NTT DATA is initially deploying Cursor Enterprise to priority engineering teams and plans to expand deployments as adoption scales globally. The company also plans to establish a Cursor Center of Excellence to help scale these capabilities across global practices and industries.
What Business Benefits Does This Approach Deliver?
Organizations rebuilding systems around AI are not simply upgrading technology; they are creating a foundation for long-term business growth. The benefits include higher operational efficiency through automation of repetitive tasks, faster decision-making enabled by real-time insights, improved scalability without proportional workforce increases, better customer experiences through personalization, and greater business agility to respond to market changes.
For NTT DATA's clients, this partnership translates into real-world results. By using AI agents in the engineering layer, the company can modernize legacy codebases faster, accelerate cloud and AI transformation initiatives, and drive greater consistency across delivery environments. Critically, this keeps modernization efforts aligned with enterprise-wide AI strategies, preventing the fragmentation that often occurs when different departments adopt AI independently.
"NTT DATA is putting AI at the core of how engineers modernize complex systems," said Jordan Topoleski, Chief Operating Officer at Cursor.

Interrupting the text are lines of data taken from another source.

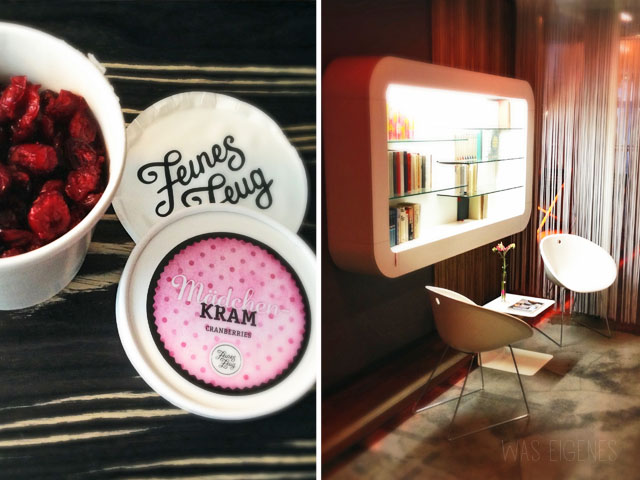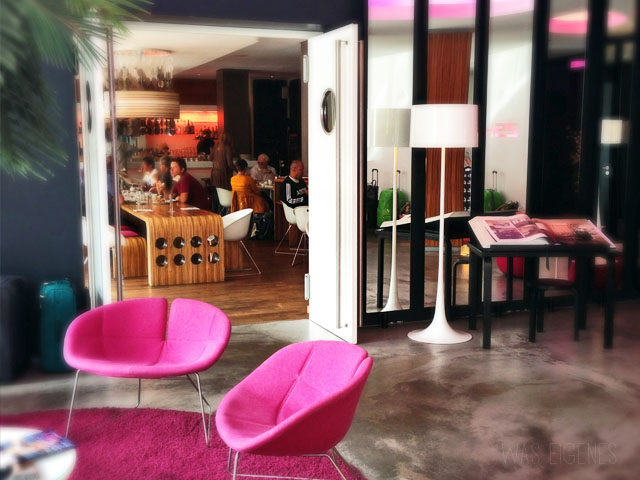 Das Restaurant ist klein, was ich sehr mag. Diese riesigen Hotelrestaurants erinnern einen doch oft an Kantinen. Auch dort ist das Servicepersonal sehr lässig, entspannt und freundlich. Keine weißen Blüschen, schlichte Shirts und Schürzen. Das Frühstück war köstlich und umfangreich, der Kaffee wurde pronto an den Tisch gebracht, Spezialitäten, wie Latte Macchiato oder Capucchino kann sich der Gast selbst an der Nespressomaschine ziehen. Auf der Terrasse, gleich vor dem Restaurant gibt es gemütliche Loungesessel und -sofas, wo man perfekt Pläne für den Tag schmieden oder den Abend ausklingen lassen kann. Wenn das Wetter doch nur ein klitzekleines bißchen besser gewesen wäre. Hamburg, eben… tsss! ;-)
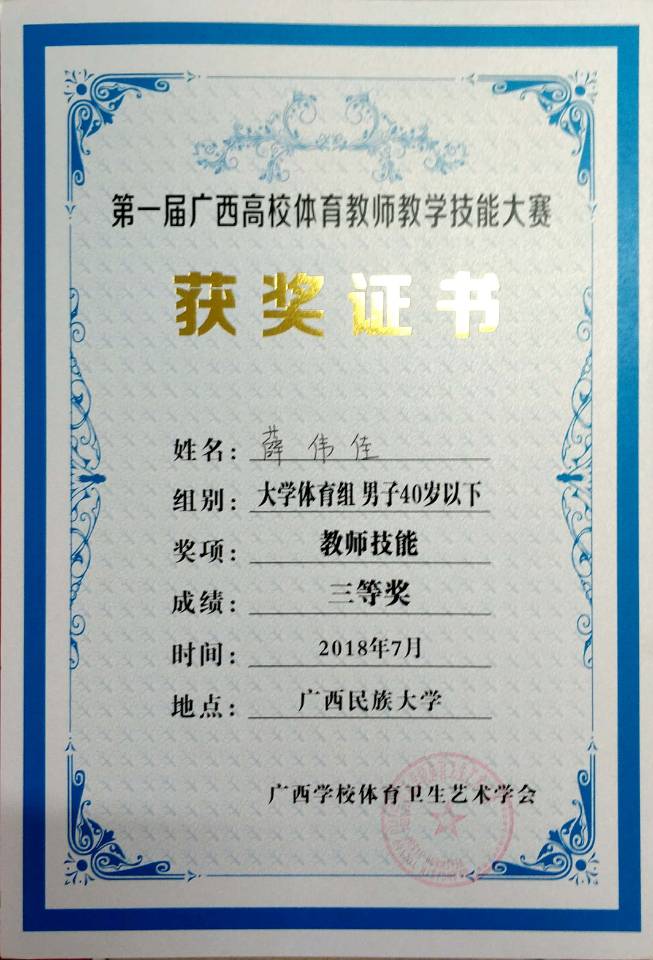广西壮族自治区大中专体育教师教学技能竞赛基本功二等奖
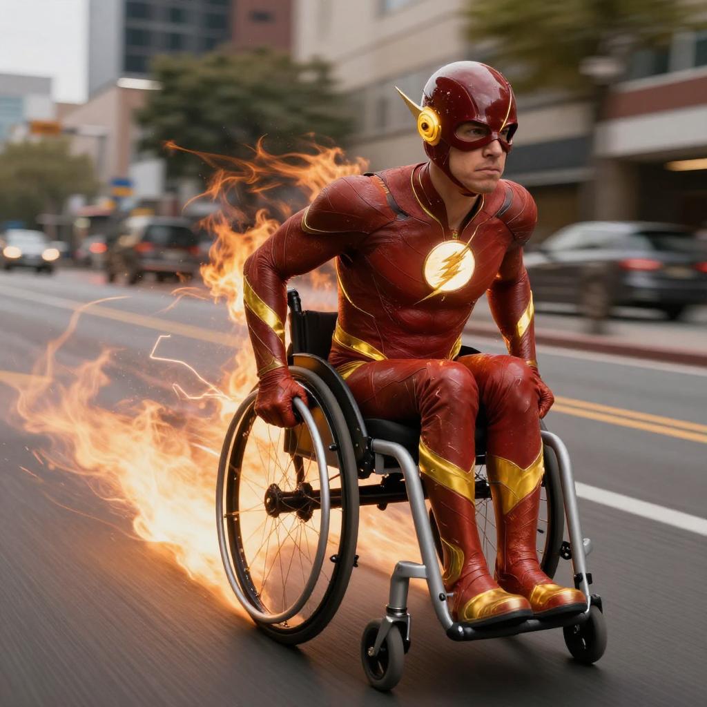 Barry allen the flash on wheelchair moving at supersonic speed creating flame trails, speed trails, motion blur, electricity speed outdoor, realistic highly detailed cinematic cinematography, movie shots footage

Jordan Topoleski, Chief Operating Officer, Cursor
The shift toward AI-first software development also has geographic implications. As enterprises worldwide accelerate this transformation, Vietnam is emerging as a strategic destination for AI development and software innovation. The country produces thousands of IT graduates annually and has attracted significant investment from global technology companies. Vietnam's AI market is projected to reach approximately $1.5 billion by 2030, supported by government initiatives and increasing investment in digital transformation.
The partnership between NTT DATA and Cursor represents more than a vendor relationship; it signals how enterprise AI is maturing. Rather than treating AI as a business tool that employees use, leading organizations are embedding AI into the systems and processes that build and maintain their entire technology infrastructure. This approach addresses a fundamental challenge: if AI is going to drive business transformation, it needs to be native to how software is designed, built, and operated at scale.